I have a Spark DataFrame that I created by reading an EBCDIC data file. Its schema is as follows
scala> myDF.printSchema
root
|-- DF_RECORD: struct (nullable = true)
| |-- ID: string (nullable = true)
| |-- BALANCE_AMT: decimal(15,4) (nullable = true)
I can even get it to show its rows. But when I try to write it as CSV, I get the following error
scala> myDF.write.format("csv").mode("overwrite").option("header", "true").save("/path")
org.apache.spark.sql.AnalysisException: CSV data source does not support struct<ID:string,BALANCE_AMT:decimal(15,4)> data type.;
Is there a column conversion I might have to de before writing?
Spark version 2.4.0-cdh6.2.1
Scala version 2.11.12
CodePudding user response:
Add a selectExpr
before writing
scala> myDF.selectExpr("DF_RECORD.*").write.format("csv").mode("overwrite").option("header", "true").save("/path")

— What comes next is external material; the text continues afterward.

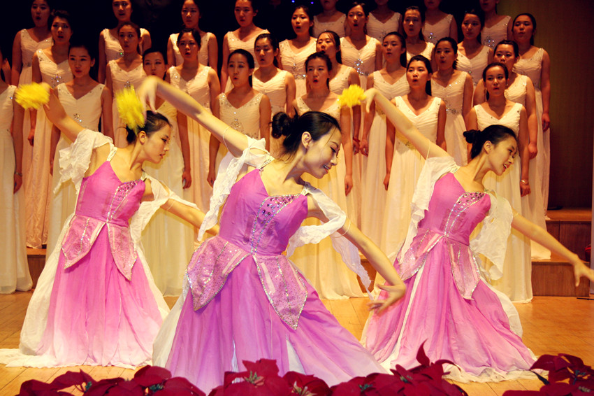 学生身着盛装,精神饱满,声音洪亮,发挥了极高的音乐素养,采用合唱、齐唱、轮唱、领唱等多种艺术表演形式,把现场气氛推向高潮,赢得观众的阵阵掌声,最终以14.96分的全场最高分,一举夺得了本次大合唱比赛的一等奖。在晚上进行的小合唱比赛中,由众赢国际版

CodePudding user response:
Convert it to individual columns by accessing columns names in withColumn
:
from pyspark.sql.types import StructType, StructField, StringType, Row, DoubleType
import pyspark.sql.functions as F
schema = StructType([
StructField("DF_RECORD",
StructType([
StructField("ID", StringType()),
StructField("BALANCE_AMT", DoubleType())
])
)
])
df = spark.createDataFrame([Row(Row("1",1000.0))], schema=schema)
df.printSchema()
[Out]:
root
|-- DF_RECORD: struct (nullable = true)
| |-- ID: string (nullable = true)
| |-- BALANCE_AMT: double (nullable = true)
df_csv = df \
.withColumn("ID", F.col("DF_RECORD")["ID"]) \
.withColumn("BALANCE_AMT", F.col("DF_RECORD")["BALANCE_AMT"]) \
.drop("DF_RECORD")
[Out]:
--- -----------
| ID|BALANCE_AMT|
--- -----------
| 1| 1000.0|
--- -----------
Now, export it as CSV:
df_csv.write.format("csv").mode("overwrite").option("header", "true").save("/content/sample_data/test1.csv")
!cat "/content/sample_data/test1.csv/part-00000-b342e07a-6d41-40b5-afa2-39eeef3b70a2-c000.csv"
[Out]:
ID, BALANCE_AMT
1, 1000.0